What to produce:
The entries that follow need to be printed exactly as they are, minus any pictures.

━━━ Information shown ━━━

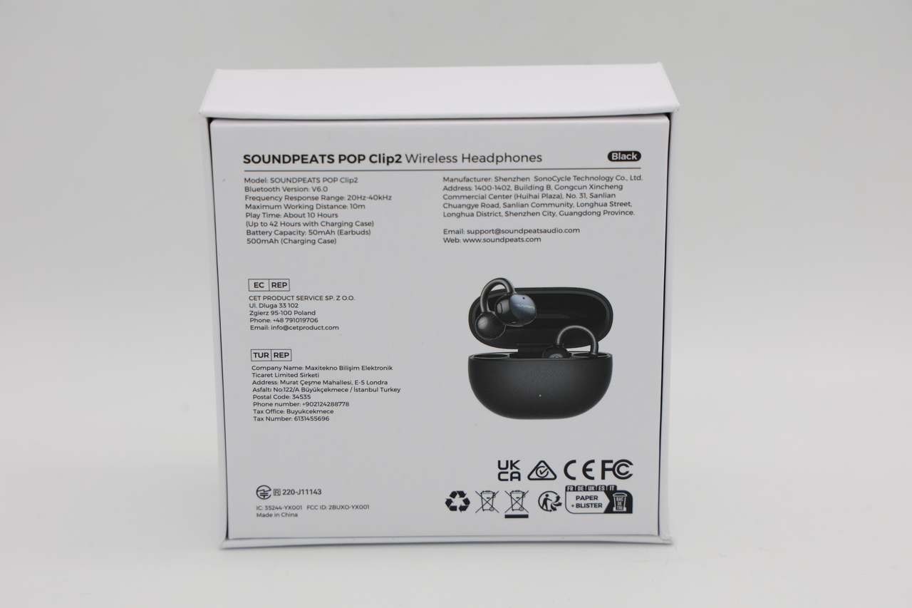 SOUNDPEATS UU2イヤーカフは「UUイヤーカフ」の後継機種で、前日の通り2026年4月20日に発売されたばかりの新製品。元モデル名は「POP Clip2」なのでパッケージにもそう書かれているのだが、日本国内では「UU2イヤーカフ」という名前で販売されている。この辺はちょっとだけややこしい。
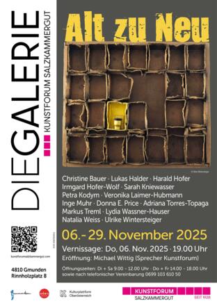 Vom 6. bis 29. November 2025 präsentieren Künstler*innen des Kunstforum Salzkammergut und Gastkünstler*innen in der Galerie DIE GALERIE in Gmunden Kunst aus gebrauchten Gegenständen und Materialen.
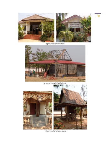 ๔ ิ ิ กุฏเจ้ำอำวำสและพระภกษุในวัด ึ ้ ศำลำเอนกประสงค์ซงก ำลังก่อสรำงอยู่ ่ โปงและกลอง โบรำณวัตถของชมชน ุ ุ
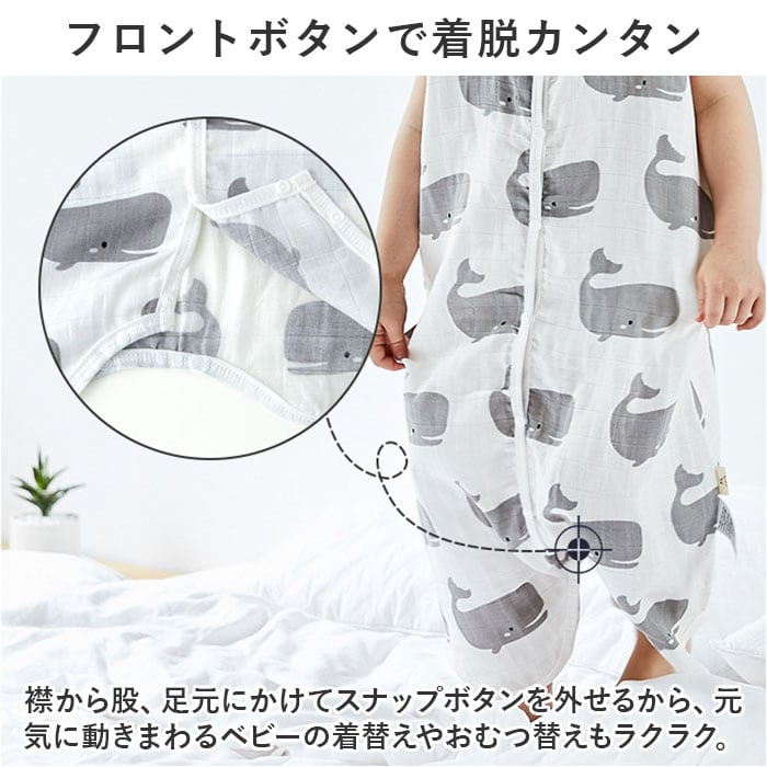 ・襟から股、足元にかけてスナップボタンを外せるから、元気に動きまわるベビーの着替えやおむつ替えもラクラク。
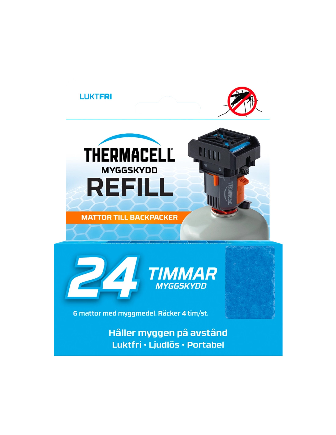 Thermacell Refill 24h Backpacker, Innehåller 6 myggskyddsmattor som ger 24 timmars effektivt myggskydd.
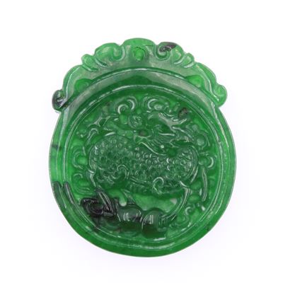 Pendente giada scolpita ed incisa a raffigurare un drago
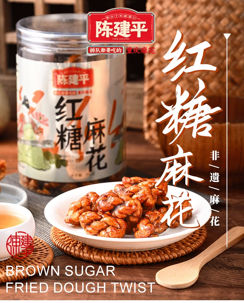 重庆特产磁器口陈建平红糖麻花358g即食罐装正宗零食手工休闲传统
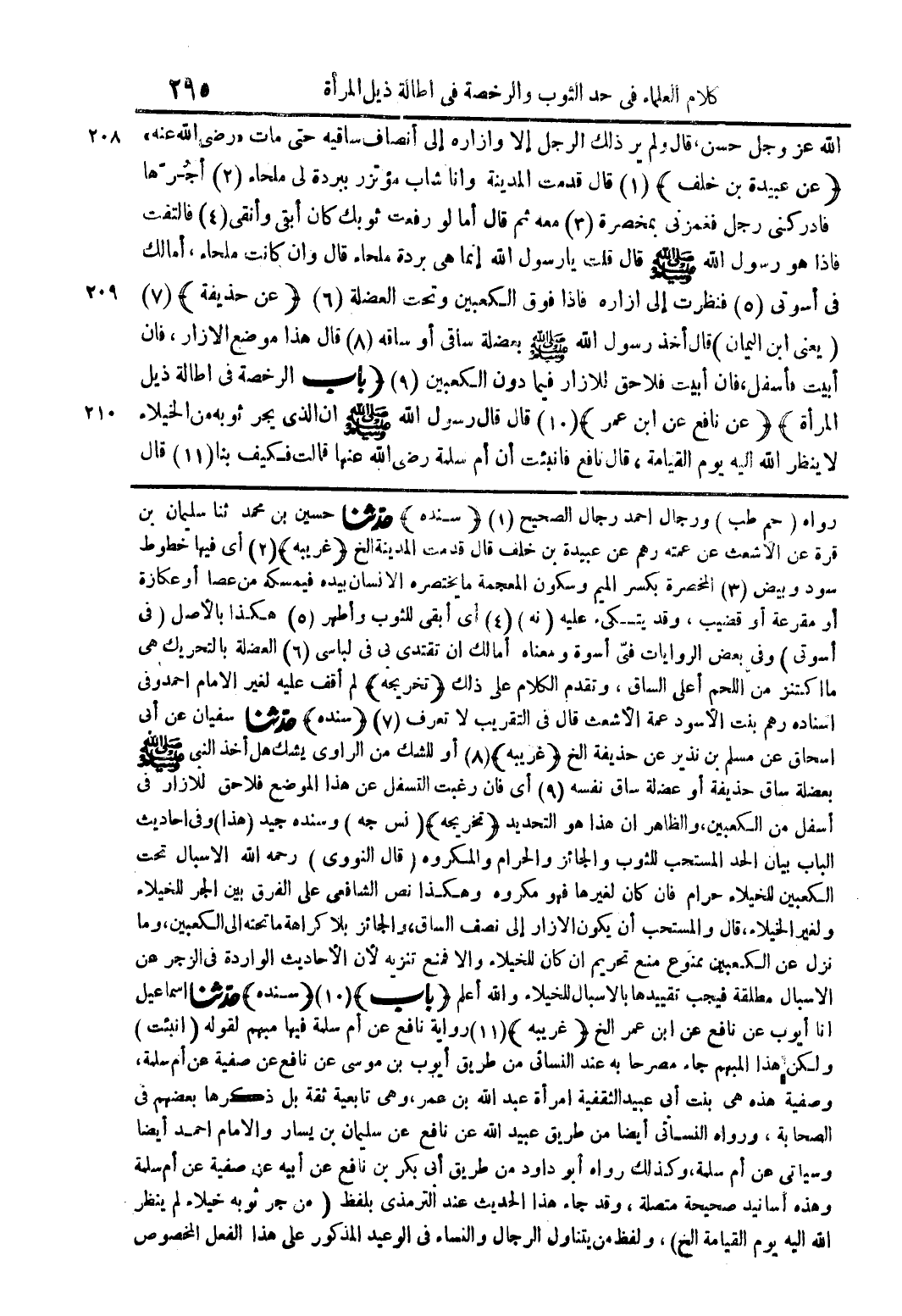 -[كلام العلماء فى حد الثوب والرخصة فى اطالة ذيل المرأة]-
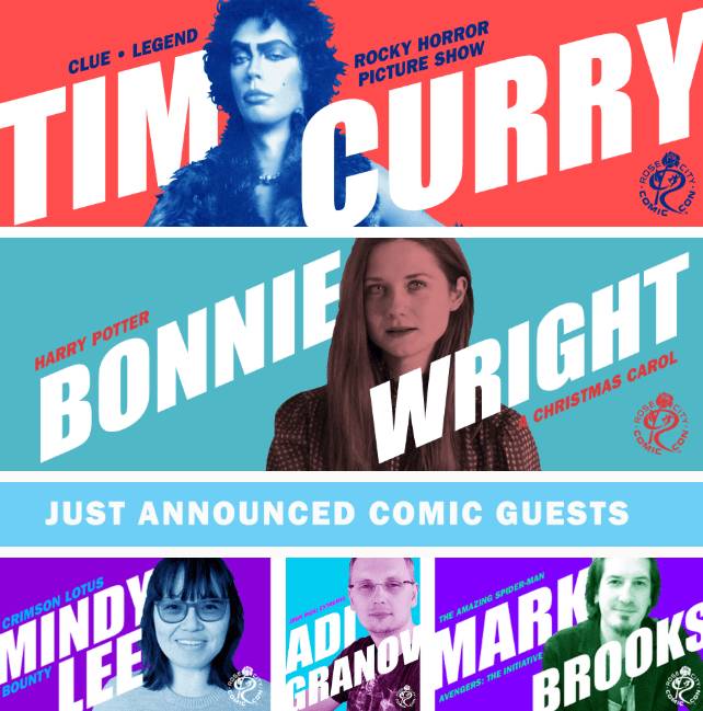 Rose City Comic Con has opened ticket sales for 2019! Plus they’ve announced Tim Curry and Bonnie Wright as the first celebrity guests and Adi Granov (Iron Man, Darth Vader), Mark Brooks (Han Solo, Avengers), and Mindy Lee (Crimson Lotus, Bounty) are the first comic creators! Join them at the Oregon Convention Center on September 13-15th.
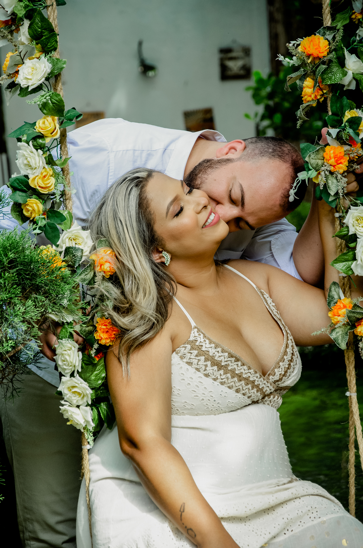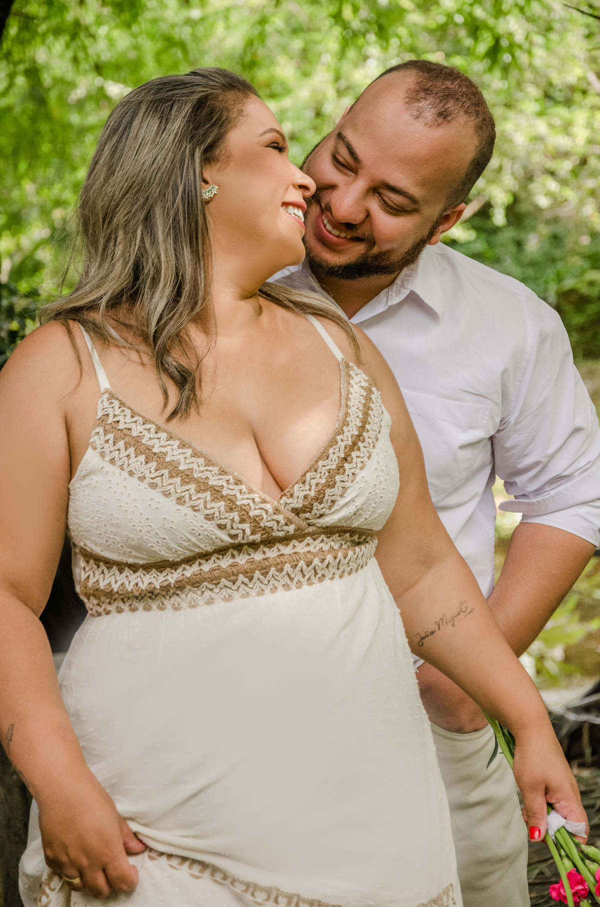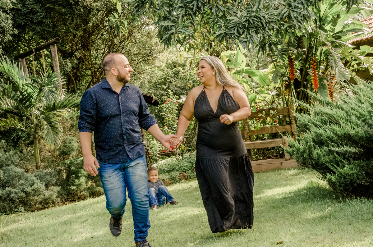 Vou tentar fazer um resuminho aqui. São quase 7 anos de histórias, né? Eu e Gabriel somos totalmente opostos; eu sou intensa e ele é ponderado. Desde a primeira vez que a gente se viu, tivemos uma conexão muito grande. Mesmo nos momentos de briga, problemas e términos, a gente se ajudava. Com 2 anos de namoro, nos tornamos uma família com a chegada de Miguel. E só com 4 anos de namoro fomos viver juntos e formar um lar. E agora, com quase 7 anos juntos, vamos casar.
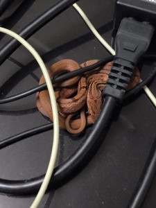 自然が豊かすぎた ((((;゚Д゚))))))) 事務所の机の上にある、PCの上に・・・ヘビ!!! ^_^; マムシではないけど・・・。ヤマガカシかなァ?小さいヘビですが驚きました(≧∇≦) それだけ自然が豊かだということです。 ※FaceBookのお友達によると、シマヘビの幼蛇ではないかということでした。
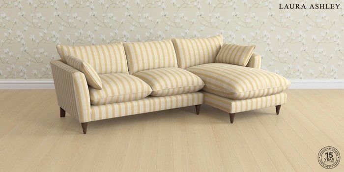 7.3.1 Buy Casterton by Laura Ashley Medium Sofa Chaise - Right Hand Kinsham Stripe Ochre Yellow Low Turned - Chestnut from the Seasons online shop Click here to use our website with more accessibility support, for example screen readers

━━━

Written response:
 SOUNDPEATS UU2イヤーカフは「UUイヤーカフ」の後継機種で、前日の通り2026年4月20日に発売されたばかりの新製品。元モデル名は「POP Clip2」なのでパッケージにもそう書かれているのだが、日本国内では「UU2イヤーカフ」という名前で販売されている。この辺はちょっとだけややこしい。
 Vom 6. bis 29. November 2025 präsentieren Künstler*innen des Kunstforum Salzkammergut und Gastkünstler*innen in der Galerie DIE GALERIE in Gmunden Kunst aus gebrauchten Gegenständen und Materialen.
 ๔ ิ ิ กุฏเจ้ำอำวำสและพระภกษุในวัด ึ ้ ศำลำเอนกประสงค์ซงก ำลังก่อสรำงอยู่ ่ โปงและกลอง โบรำณวัตถของชมชน ุ ุ
 ・襟から股、足元にかけてスナップボタンを外せるから、元気に動きまわるベビーの着替えやおむつ替えもラクラク。
 Thermacell Refill 24h Backpacker, Innehåller 6 myggskyddsmattor som ger 24 timmars effektivt myggskydd.
 Pendente giada scolpita ed incisa a raffigurare un drago
 重庆特产磁器口陈建平红糖麻花358g即食罐装正宗零食手工休闲传统
 -[كلام العلماء فى حد الثوب والرخصة فى اطالة ذيل المرأة]-
 Rose City Comic Con has opened ticket sales for 2019! Plus they’ve announced Tim Curry and Bonnie Wright as the first celebrity guests and Adi Granov (Iron Man, Darth Vader), Mark Brooks (Han Solo, Avengers), and Mindy Lee (Crimson Lotus, Bounty) are the first comic creators! Join them at the Oregon Convention Center on September 13-15th.
 Vou tentar fazer um resuminho aqui. São quase 7 anos de histórias, né? Eu e Gabriel somos totalmente opostos; eu sou intensa e ele é ponderado. Desde a primeira vez que a gente se viu, tivemos uma conexão muito grande. Mesmo nos momentos de briga, problemas e términos, a gente se ajudava. Com 2 anos de namoro, nos tornamos uma família com a chegada de Miguel. E só com 4 anos de namoro fomos viver juntos e formar um lar. E agora, com quase 7 anos juntos, vamos casar.
 自然が豊かすぎた ((((;゚Д゚))))))) 事務所の机の上にある、PCの上に・・・ヘビ!!! ^_^; マムシではないけど・・・。ヤマガカシかなァ?小さいヘビですが驚きました(≧∇≦) それだけ自然が豊かだということです。 ※FaceBookのお友達によると、シマヘビの幼蛇ではないかということでした。
 7.3.1 Buy Casterton by Laura Ashley Medium Sofa Chaise - Right Hand Kinsham Stripe Ochre Yellow Low Turned - Chestnut from the Seasons online shop Click here to use our website with more accessibility support, for example screen readers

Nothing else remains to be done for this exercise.